L’objectif est que les élèves « prennent pied » dans leur environnement culturel, qu’il s’agisse de patrimoine ou de création, en assistant aux spectacles des scènes de leur région, en visitant les monuments, en fréquentant les expositions des musées, des centres d’art contemporain, des FRAC, en apprenant à déchiffrer les archives dans les centres municipaux et départementaux. Mais il faut aussi qu’ils découvrent « l’envers du décor » en participant à des répétitions de théâtre, d’orchestre, d’opéra, de danse.
Avec Christine Lagarde, nous consacrerons un volant d’emplois aidés, dans chaque région, au recrutement de médiateurs culturels pour l’accueil des classes dans les musées et les monuments.

Sixième mesure : Les possibilités d’une pratique artistique en dehors de l’école seront développées.
Les élèves doivent pouvoir facilement prolonger hors de l’école l’initiation qu’ils reçoivent à l’école.
Je demanderai à mes services, dans chaque région, de travailler avec les collectivités locales pour décupler les capacités d’accueil d’élèves dans les écoles de musique, de danse et de théâtre, et pour multiplier les « ateliers beaux-arts ».
Il faut aussi valoriser les dispositions très favorables - et créatrices d’emplois - de la loi Borloo de 2005 sur les services à la personne : crédit d’impôt, exonération de charges, rémunération par chèque emploi service universel. Les Français connaissent bien ce dispositif pour le soutien scolaire. Il y a un travail d’information à mener, aussi bien du côté des professionnels que des familles, pour que ce dispositif permette une offre et une demande élargies de cours de pratique artistique à domicile ou dans un cadre associatif.

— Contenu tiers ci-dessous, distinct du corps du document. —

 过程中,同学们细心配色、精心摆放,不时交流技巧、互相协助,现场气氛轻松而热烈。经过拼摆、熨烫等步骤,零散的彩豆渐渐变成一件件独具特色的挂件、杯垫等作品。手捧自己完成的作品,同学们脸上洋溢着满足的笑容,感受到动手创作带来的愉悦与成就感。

Septième mesure : Au-delà des trésors de leur région, tous les élèves de France doivent pouvoir découvrir les grandes institutions culturelles de la nation.
Aujourd’hui, une grande majorité de Français ne connaissent pas le Louvre et ne le connaîtront jamais. Les élèves d’Ile-de-France représentent 70% des visites scolaires de ce musée, et les élèves de province seulement 30%. N’est-ce pas notre devoir, à un moment de leur scolarité, d’y conduire le plus grand nombre d’élèves, de même qu’au musée d’Orsay, au Quai Branly, à la Cité de l’architecture et du patrimoine ou au Centre Pompidou, pour ne citer que ces exemples ? Les professeurs sont les premiers à témoigner de l’importance et de l’impact de telles visites, qui mobilisent l’imaginaire des enfants des mois avant et des mois après.

J’encouragerai les projets innovants des grands établissements publics pour mieux accueillir les classes : celui du Louvre, qui veut créer au pavillon de Flore, sur près de 2 000 m², un centre de préparation à la visite dédié aux groupes scolaires ; celui de la BnF, qui envisage, dans le cadre de la rénovation du site Richelieu, un centre d’initiation à la consultation de ses collections fondé sur les nouvelles technologies.
Avec Xavier Darcos, nous solliciterons la SNCF, pour qu’elle améliore son offre tarifaire, et nous trouverons des solutions d’hébergement, qui pourraient passer par la mise en oeuvre d’un équipement national d’accueil, avec le partenariat d’acteur comme le ligue de l’enseignement, avec qui je suis en contact.
Malgré le patrimoine exceptionnel de notre pays, les moyens qu’il dédie à la création, et un réseau d’équipements unique au monde, la démocratisation culturelle n’est pas encore achevée. L’éducation artistique et culturelle est un des moyens d’y parvenir pour peu qu’elle soit conçue comme une coproduction entre les ministères intéressés, au premier rang desquels ceux de l’Education nationale et de la Culture, en liaison étroite avec les collectivités locales qui sont mobilisées sur cette question.